In a white paper titled ‘From volume to value: Indian pharma’s transformation with data and AI’ released at the inaugural of BioAsia 2024 here on Tuesday, they said the industry set a target of breaching the $130-billion mark by 2030. “With the prevailing growth rate of 6.2 per cent, achieving this target seems improbable. Rather than relying on manufacturing simple generics, there is a heightened need to embrace diversification and value addition over volume,” it  said.

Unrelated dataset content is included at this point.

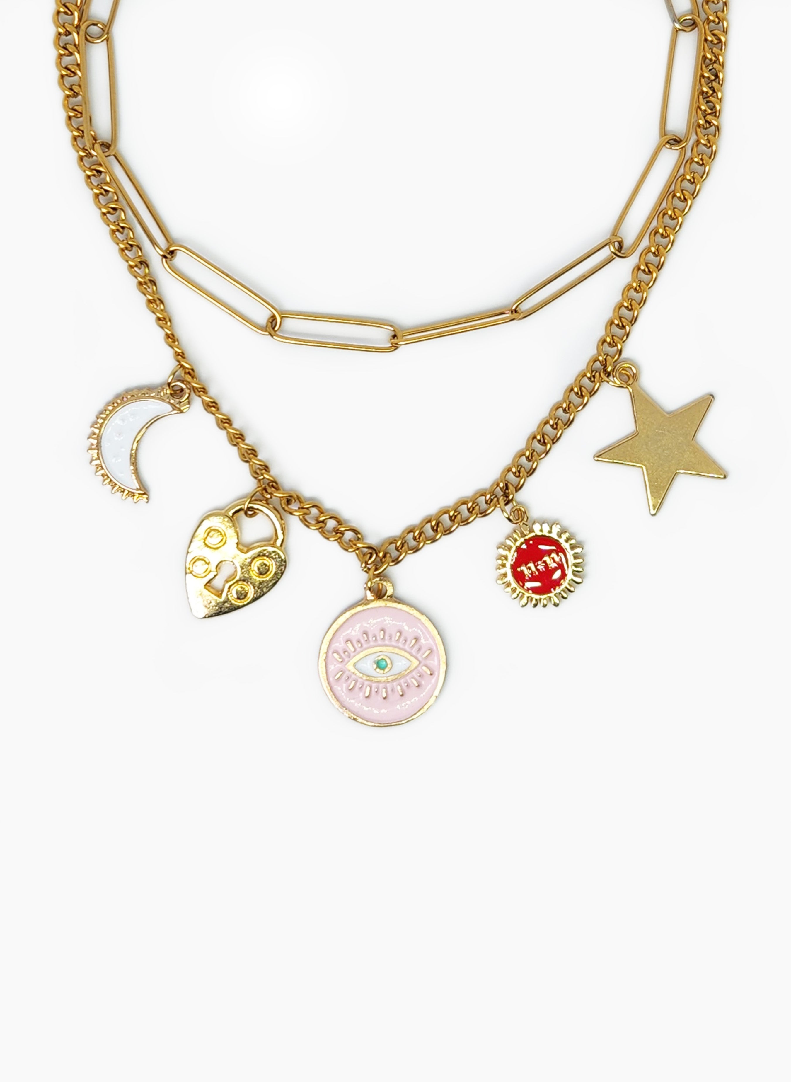 Cadena doble en acero con multi dijes en zamak con baño en oro de 24k.

Revenue augmentation demands a strategic revamp, necessitating a departure from conventional growth models. It should also focus on up-and-coming areas such as biologics and biosimilars, and antibody-drug conjugates linage products in order to make a shift to value from volumes.

Radical shift

Calling for a radical shift in the research and development value chain, the report said that GenerativeAI could bring down the time to develop a drug significantly while also bringing down the cost of developing drugs. “GenAI can predict bioactivity, toxicity and physicochemical properties. By offering the potential to lower early-stage drug development costs by 25 per cent to 50 per cent and accelerate the identification of failures, Gen AI positions Indian pharmaceuticals as innovators beyond generics,” it said.

The report was released by Telangana Chief Minister A Revanth Reddy along with keynote speakers at the inaugural of Bio Asia 2024.

Suresh Subramanian, Partner & National Life Sciences Leader, EY Parthenon India, said that  GenAI will contribute $4-5 billion to the Gross Value Added (GVA) of the Indian pharma sector by 2031. “GenAI is making humble beginnings in revolutionising the health sciences sector in India. In the realm of patient care, it significantly impacts the patient’s journey by empowering patients to better manage their conditions, help in making decisions and overall, as a seamless patient-doctor interface,” he said.

Earlier the Chief Minister presented Genome Valley Excellence Award to Gregg L. Semenza, Nobel Laureate and Professor, Johns Hopkins School of Medicine. Christopher Boerner, CEO of Bristol Myers Squibb; Gregg Semenza, Nobel Laureate and Professor at Johns Hopkins School of Medicine; and Rodney Hochman, President & CEO of the US-based Providence, delivered the keynote addresses.